Man müsse deshalb neue Wege gehen, denkt der Krakower Remo Schmecht. „Das hat man auch bereits in den Verwaltungen erkannt.“ Er habe die Krakower Stadtvertreter überzeugt, dass dringend etwas getan werden müsse. Besonders wenig Löschwasser gebe es aktuell in Steinbeck und Klein Grabow. „Wir denken über einen 30 bis 50 Meter tiefen Grundwasserbrunnen nach, um Löschwasser hoch zu pumpen. Zudem gibt es auch die Variante eines unterirdischen Löschwasserbehälters“, sagt der Wehrführer. Bei diesen Varianten werden die Gemeindehaushalte stark belastet. Das weiß auch Lalendorfs Bürgermeister Reinhard Knaack. „Wir haben gerade Angebote reingeholt für die Einrichtung einer Löschwasserentnahmestelle für mindestens 300 Kubikmeter. Kostenpunkt: 50 000 Euro. Das können wir als Gemeinde nicht wuppen“, sagt er. Dennoch will er die mangelhafte Löschwassersituation offensiv angehen. „Wir entschlammen gerade zwei Löschteiche in Lübsee und Raden. Zudem wollen wir zwei Brunnen in Langhagen bohren.“ Der Löschwasserbedarf sei in vielen Gemeinden groß. „Wir müssen das schrittweise verbessern und das Problem lösen. Das sind wir den ehrenamtlichen Kameraden schuldig“, sagt Reinhard Knaack.

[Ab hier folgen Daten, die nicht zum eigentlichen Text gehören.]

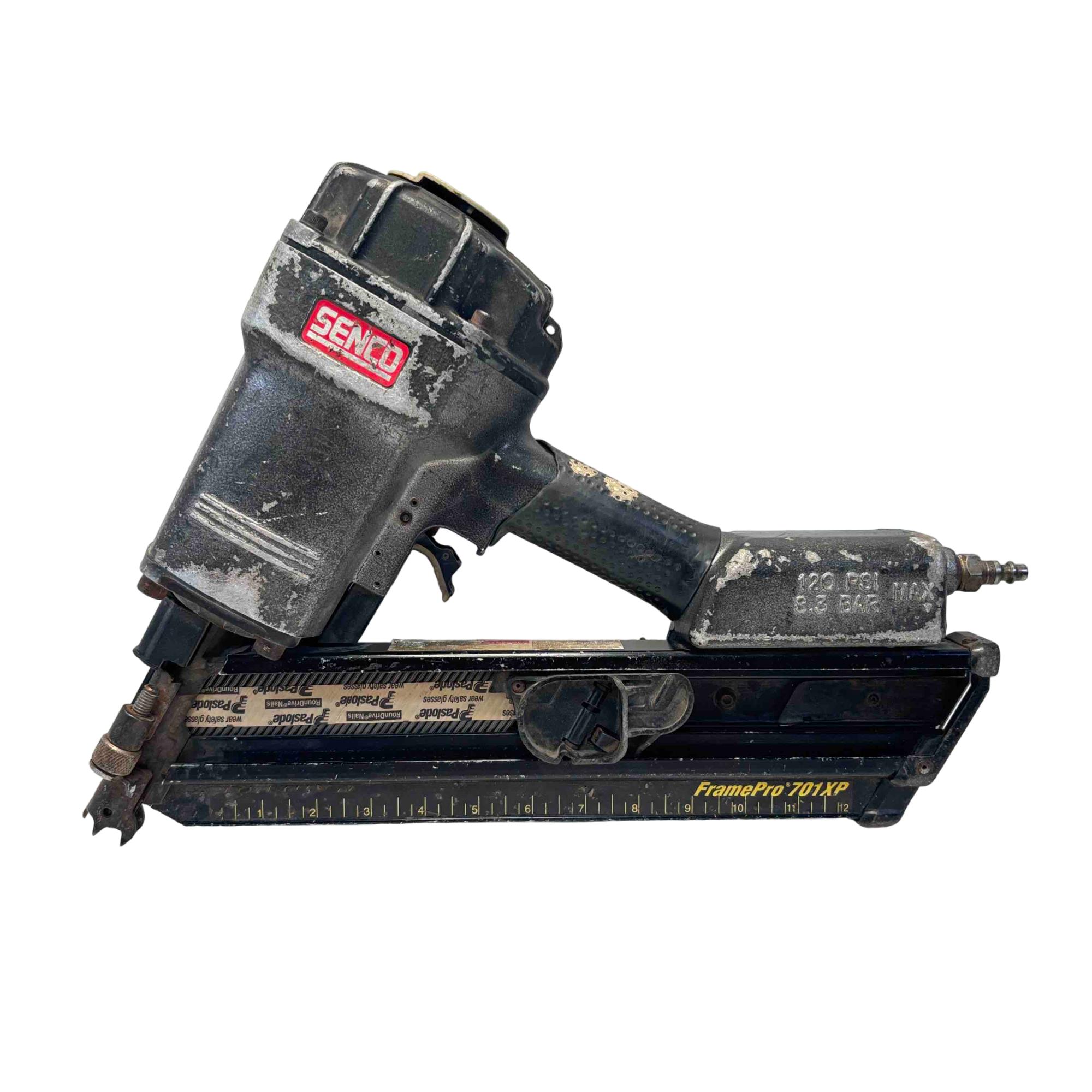 The SENCO FramePro 701XP is a durable and reliable pneumatic framing nailer designed for professional construction work. Built to handle high-volume nailing with precision and speed, this tool features a rugged metal construction and ergonomic grip for extended use. Ideal for framing, sheathing, and decking, this tool ensures efficiency and consistent performance on any job site.

Die Versorgung mit Löschwasser auf dem Land ist ein wesentlicher Punkt in der Brandschutzbedarfsplanung, die aktuell für den Landkreis erstellt wird. „Hier wird dieser Missstand aufgezeigt. Die Gemeinden sind in der Pflicht, ausreichend Löschwasser sicher zu stellen“, sagt Wehrführer Schmecht. Auch für Ronny Wenzel ist die Gemeinde der erste Ansprechpartner. „Bei Bürgermeister Karl-Heinz Kissmann stoßen wir auf offene Ohren. Wir legen gerade die Reihenfolge der notwendigen Maßnahmen nach Dringlichkeit fest“, sagt er. Doch Wenzel weiß auch: „Im Ergebnis der Brandschutzbedarfsplanung ist aufgrund der zahlreichen Missstände mit hohen Kosten für die Gemeinden zu rechnen.“ Deshalb seien auch der Landkreis und das Land gefordert. „Die Gemeinden müssen zusammen mit ihnen Lösungen finden“, denkt Wenzel.